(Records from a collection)
● ● ● ●
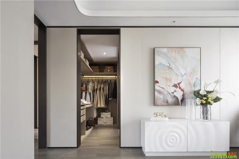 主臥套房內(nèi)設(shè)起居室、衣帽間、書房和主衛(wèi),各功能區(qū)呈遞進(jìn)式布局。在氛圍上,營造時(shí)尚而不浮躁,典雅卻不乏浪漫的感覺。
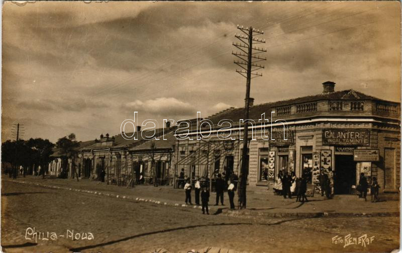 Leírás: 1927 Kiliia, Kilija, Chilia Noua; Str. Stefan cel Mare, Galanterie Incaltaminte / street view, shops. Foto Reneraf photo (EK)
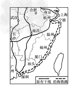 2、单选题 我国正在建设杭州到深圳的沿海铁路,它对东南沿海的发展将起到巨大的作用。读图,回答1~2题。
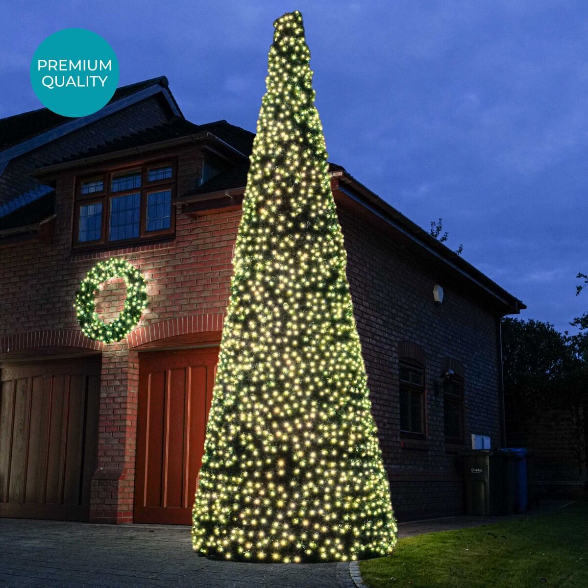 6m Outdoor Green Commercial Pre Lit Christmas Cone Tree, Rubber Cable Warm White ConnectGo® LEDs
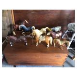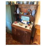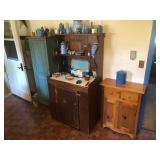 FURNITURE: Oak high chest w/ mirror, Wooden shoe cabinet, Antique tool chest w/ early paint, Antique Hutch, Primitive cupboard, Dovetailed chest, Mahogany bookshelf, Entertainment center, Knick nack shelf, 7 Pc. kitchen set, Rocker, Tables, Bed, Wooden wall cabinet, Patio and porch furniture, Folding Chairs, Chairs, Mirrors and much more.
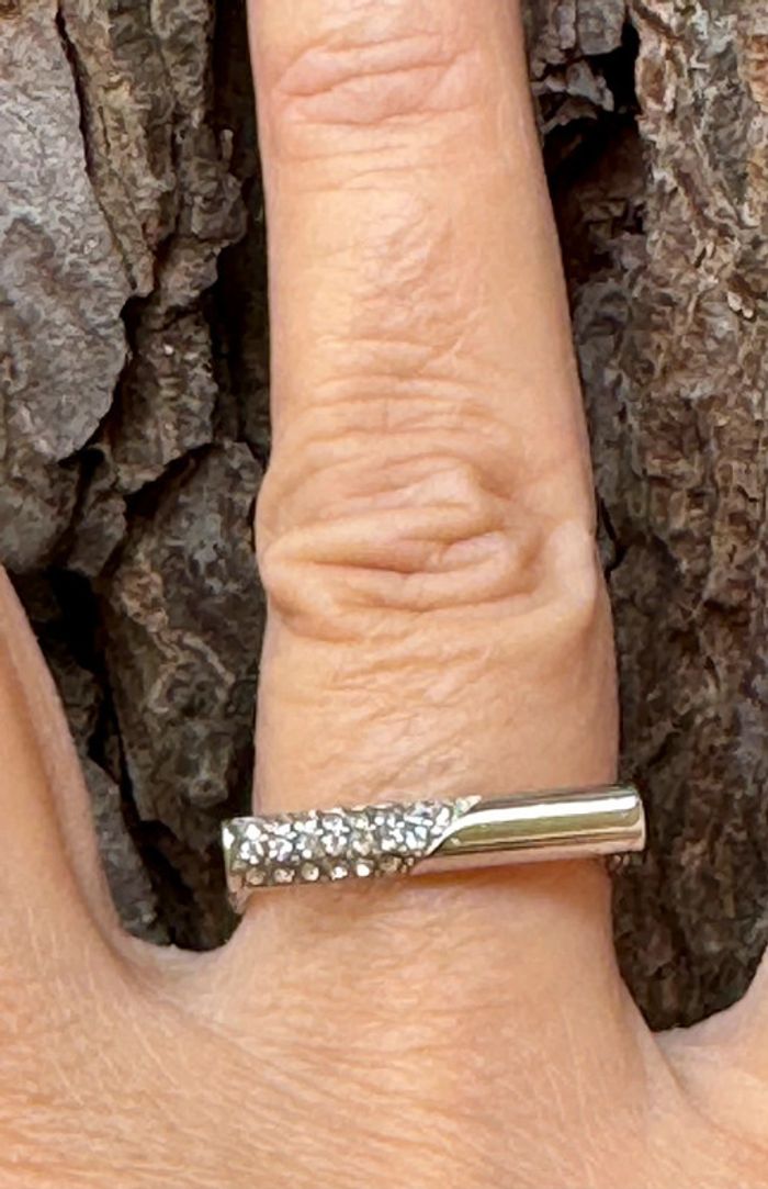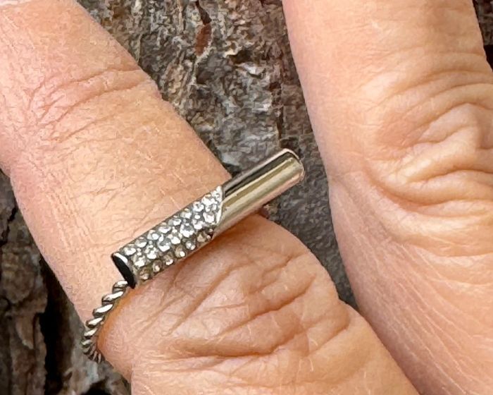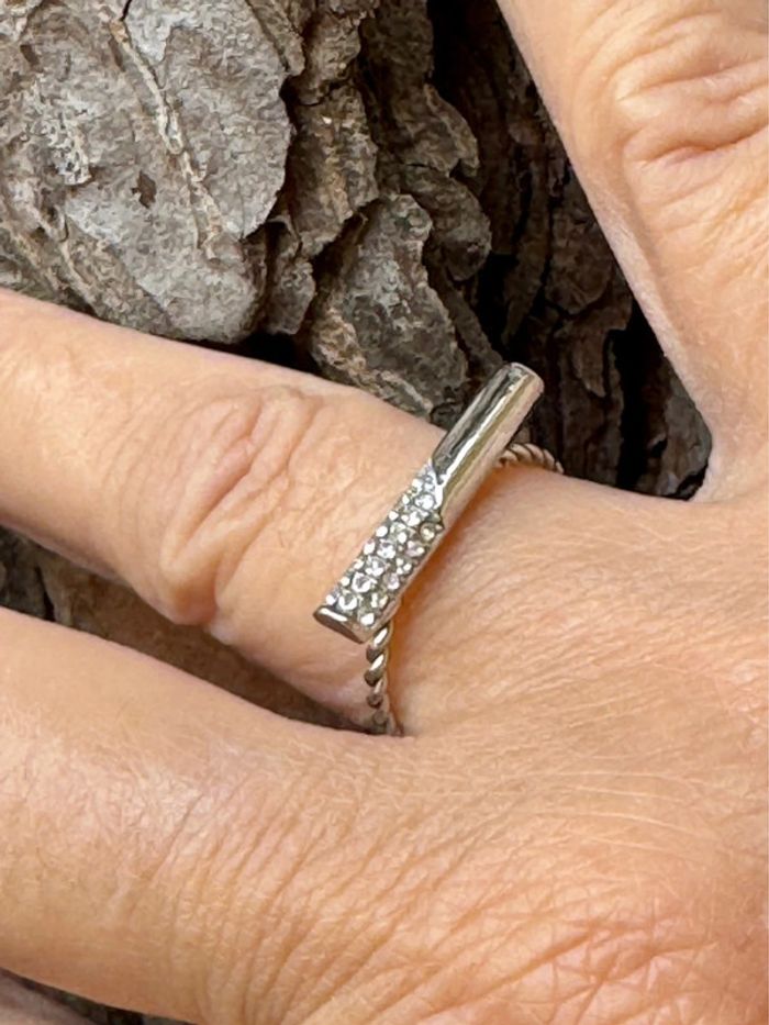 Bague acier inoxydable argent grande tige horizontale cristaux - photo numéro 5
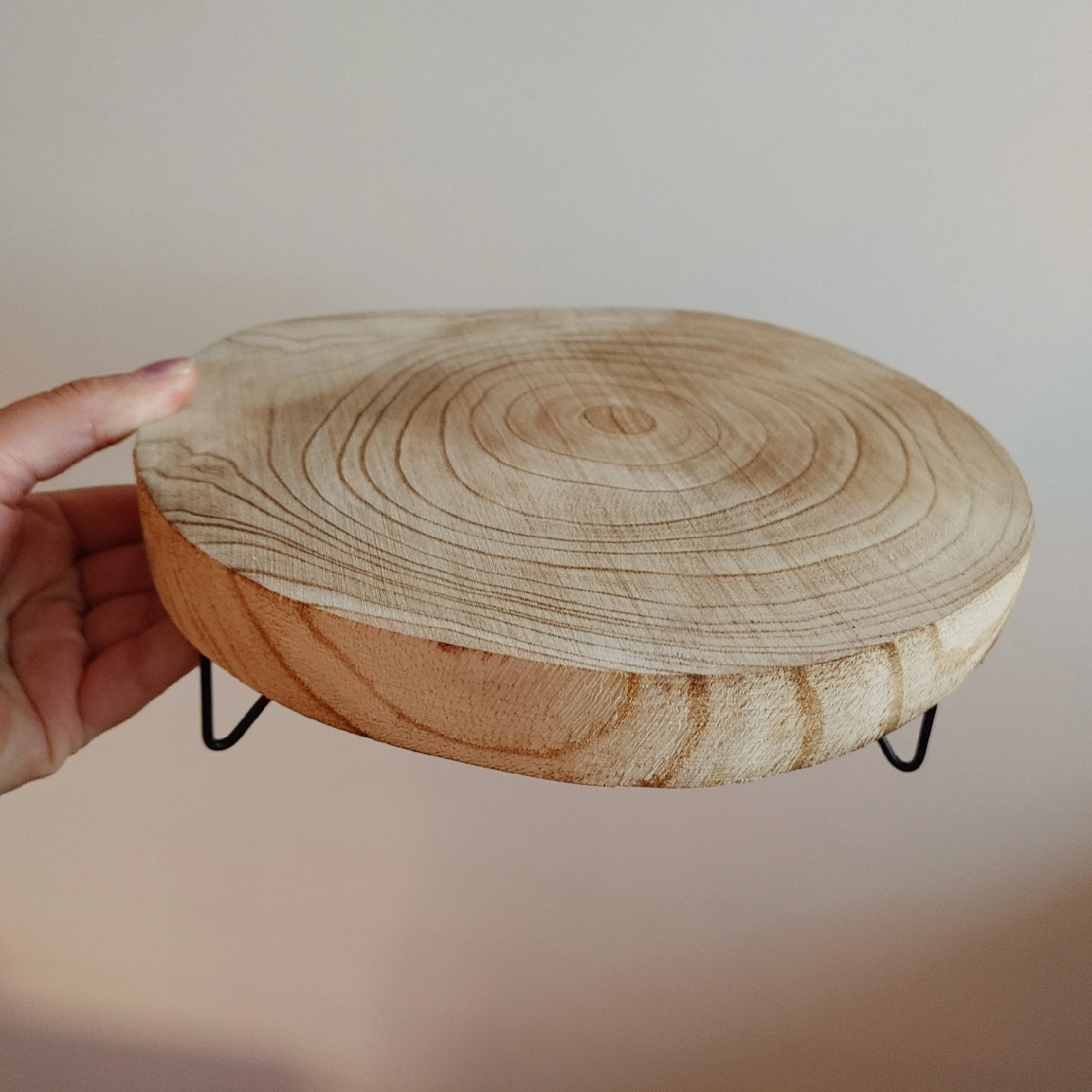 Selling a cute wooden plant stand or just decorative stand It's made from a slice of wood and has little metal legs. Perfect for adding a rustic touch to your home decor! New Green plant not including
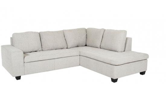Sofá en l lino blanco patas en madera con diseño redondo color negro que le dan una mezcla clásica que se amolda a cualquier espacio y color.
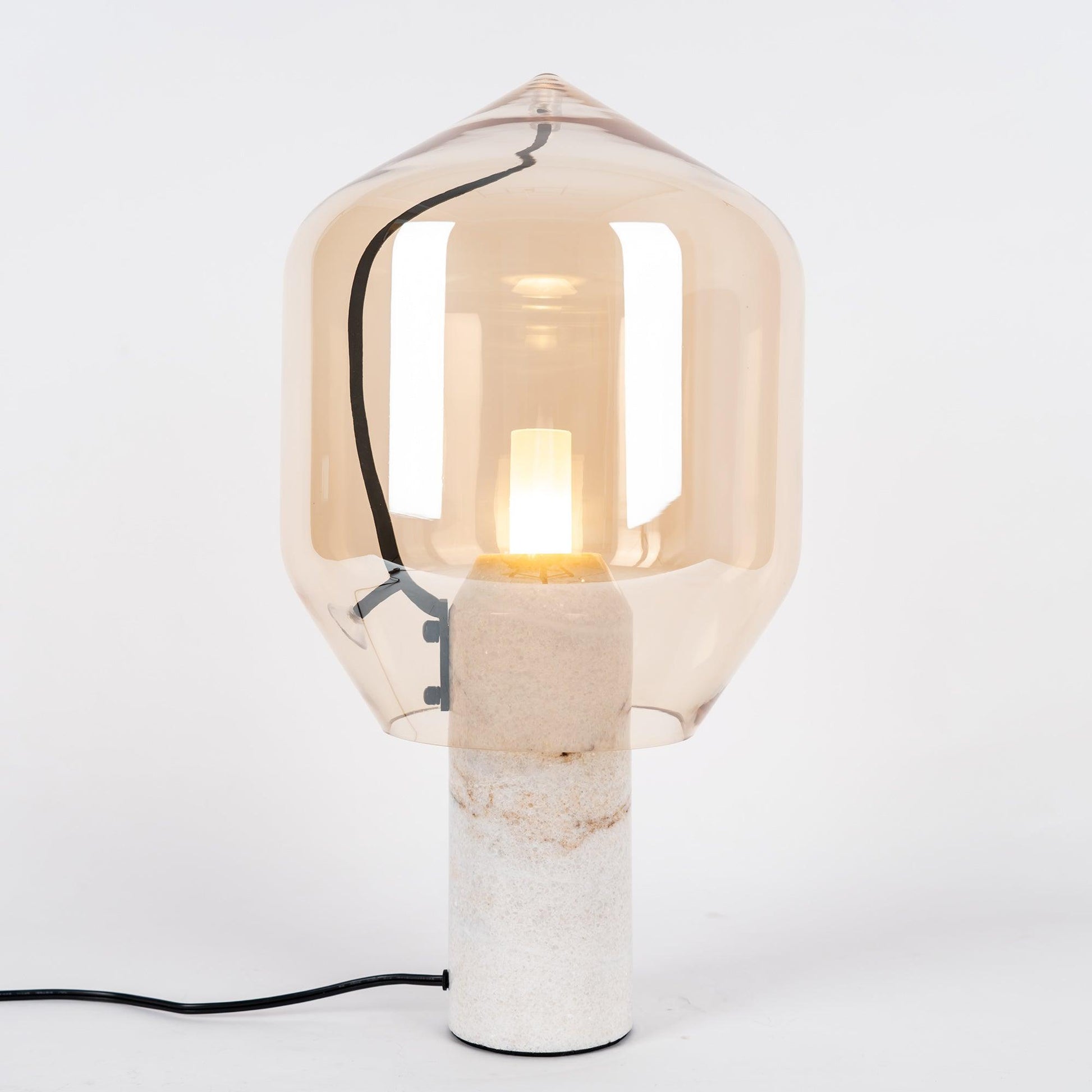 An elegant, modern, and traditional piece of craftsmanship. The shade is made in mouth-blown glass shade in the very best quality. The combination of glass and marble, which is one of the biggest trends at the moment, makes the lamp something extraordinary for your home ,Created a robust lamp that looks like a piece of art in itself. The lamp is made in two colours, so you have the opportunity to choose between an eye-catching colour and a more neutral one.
● ● ● ●
**PROBLEM STATEMENT**. Nothing but the lines from the one containing "FURNITURE: Oak high" through the end of the entries is to be retyped, exactly as written and without pictures.

**ANSWER FOR THIS EXERCISE**.
 FURNITURE: Oak high chest w/ mirror, Wooden shoe cabinet, Antique tool chest w/ early paint, Antique Hutch, Primitive cupboard, Dovetailed chest, Mahogany bookshelf, Entertainment center, Knick nack shelf, 7 Pc. kitchen set, Rocker, Tables, Bed, Wooden wall cabinet, Patio and porch furniture, Folding Chairs, Chairs, Mirrors and much more.
 Bague acier inoxydable argent grande tige horizontale cristaux - photo numéro 5
 Selling a cute wooden plant stand or just decorative stand It's made from a slice of wood and has little metal legs. Perfect for adding a rustic touch to your home decor! New Green plant not including
Sofá en l lino blanco patas en madera con diseño redondo color negro que le dan una mezcla clásica que se amolda a cualquier espacio y color.
 An elegant, modern, and traditional piece of craftsmanship. The shade is made in mouth-blown glass shade in the very best quality. The combination of glass and marble, which is one of the biggest trends at the moment, makes the lamp something extraordinary for your home ,Created a robust lamp that looks like a piece of art in itself. The lamp is made in two colours, so you have the opportunity to choose between an eye-catching colour and a more neutral one.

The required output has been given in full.